Control is your new bottleneck
How control constrains your productivity and increases your time to market
The Theory of Control explains software development through the lens of control. People, the CEO, CMO, CTO, product managers want to control what is being built, how it is being built and when it is built by a developer - and in what order. They want to control software development in a company, they want to control the work of the developer.
To understand control in our company, we can map this out with control mapping. We draw up our process and order the process steps on the Y-axis depending on how high up the control is (team leads vs. C-Suite). The items that are mainly work, those that are mainly controlled instead of controlling, often end up at the bottom. In the example this is Developing. There is a more detailed introduction to control mapping and the Theory of Control in “Introduction to Theory of Control”. You might think, “Hey, we do work in backlog planning”. No. You create more control, tickets are control, the order is control. Control can be work in a personal sense, but isn’t work in the end-product sense (also see Muda in Lean).
If a designer designs a mock form for the developer to follow, that is control not work. If the designer draws a logo for the developer to use, that’s work.
In this simple example we can see that the control elements constraint the work. Sprint Planning constraints Developing. As can be seen, the work (Developing) then depends on the control (Sprint Planning) by which it is controlled.
Without the control, the developer would work on what they think is the right thing, work the way they think is the right way, and spend as much time as they think is needed.
Goldratt wrote a book “The Goal” about the “Theory of Constraints” (not to be confused with Theory of Control!) Writing the book as a novel, he shows and explains how production in a factory is defined by constraints, by bottlenecks.

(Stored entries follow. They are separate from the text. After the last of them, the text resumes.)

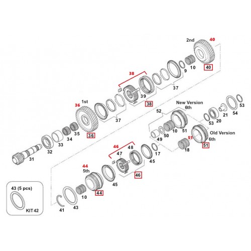 44.Pinion treapta 5 pe ax secundar, 41 si 44 dinti, pentru cutie de viteze manuala Fiat Ducato 3.0 M40 2006 6 trepte.
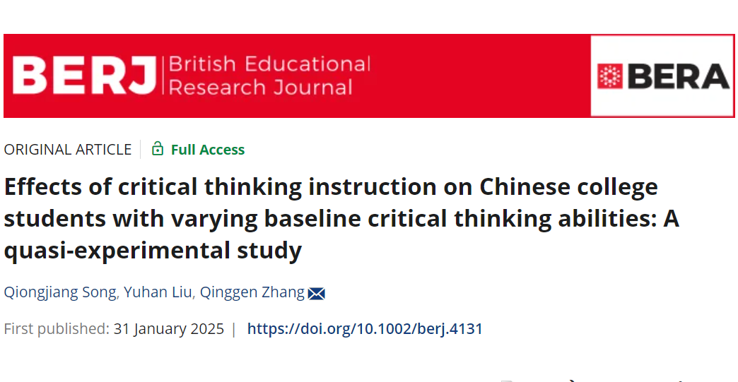 近日,教育科学研究院宋琼将老师在教育学研究领域中取得新进展。该研究成果以“Effects of critical thinking instruction on Chinese college students with varying baseline critical thinking abilities: A quasi-­ experimental study”为题,发表于教育学国际期刊《British Educational Research Journal》。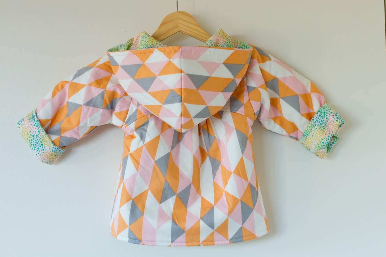This jacket is made using quilting cotton for both layers with some left-over quilt batting in between for snuggly warmth.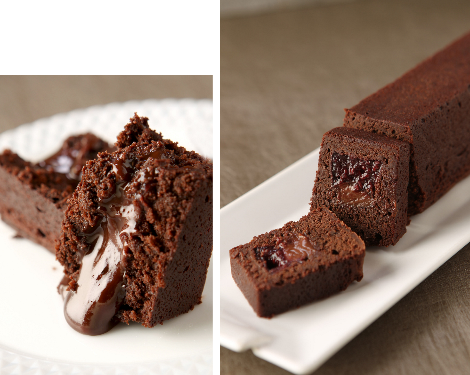 商品詳細:しっとりとした、ビターチョコレートの上品な味わいのパウンドケーキです。中は二層になっており、生チョコレート(ガナッシュ)と甘酸っぱいフランボワーズとの絶妙な組み合わせです。温めると中のチョコレートがとろけて、フォンダンショコラのようにもお楽しみいただけます。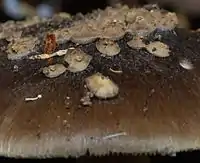 The cap of A. nothofagi is initially convex, later becoming flattened with a central depression, with radial grooves on the margin, reaching diameters of 3–13 centimetres (1–5 inches). The colour is variable, ranging from buff to dark grey to greyish-sepia, with radial streaks of dusky brownish grey. The cap surface is sticky when young or wet, but dries out with age. The remnants of the volva form small to large, irregularly shaped, felted patches, that are dull greyish-sepia to sepia, and sometimes scab-like. The gills are crowded closely together, and free from attachment to the stem. They are white to cream-coloured, 6–10 mm (1438 in) wide. The lamellulae (short gills that do not extend fully from the cap edge to the stem) have somewhat truncated ends.[4]
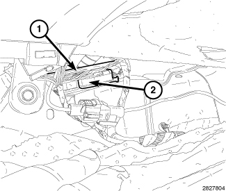 3. While holding back the trim panel and the carpet, locate and release the 2 holding tabs on the TCM bracket to release the TCM (1).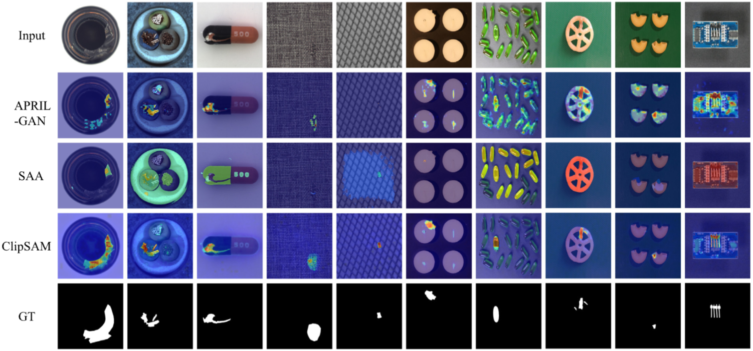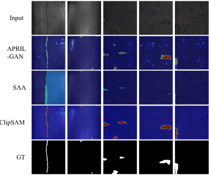 - ClipSAM의 성능을 시각적으로 비교하여 모델의 이상 탐지 능력을 평가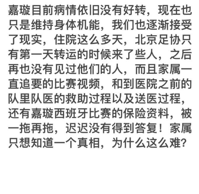 嘉璇目前病情依舊沒有好轉(zhuǎn),現(xiàn)在也只是維持身體機能,我們也逐漸接受了現(xiàn)實,住院這么多天,北京足協(xié)只有第一天轉(zhuǎn)運的時候來了些人,之后再也沒有見過他們的人,而且家屬一直追要的比賽視頻,和到醫(yī)院之前的隊里隊醫(yī)的救助過程以及送醫(yī)過程,還有嘉璇西班牙比賽的保險資料,被一拖再拖,遲遲沒有得到答復(fù)!家屬只想知道一個真相,為什么這么難?

How does the Theory of Control relate to the Theory of Constraints laid out in “The Goal” ? In the Theory of Constraints, constraining elements limit the flow of production items through the system. A bottleneck might be a special machine, or a slow machine, or some inspection. In software development this might be a designer or a DBA or QA. The direct impact is on the items and item flow. One machine, a constraint, does not limit other machines in their work, only by reducing their input or keep them waiting. Contrary to that, in the Theory of Control, control elements determine (control) other elements (work). A Sprint Planning activity determines the following Developing work element, not the items that flow through Sprint Planning, like it would in the Theory of Constraints. In the Control Theory control elements might have dependencies between each other. A Sprint Planning control element depends on an OKR Process control element, not only because it waits for the items, but also because it is controlled by the OKR Process.
When we combine these two theories, the constraints and the control, we can see how controls are constraints and act as bottlenecks.
In a small startup the developer is working on a feature, finishes it and then asks the founder (CEO), if the work is ok (control) or finished (control) and what to work on next (control). The developers work depends on the CEO for control.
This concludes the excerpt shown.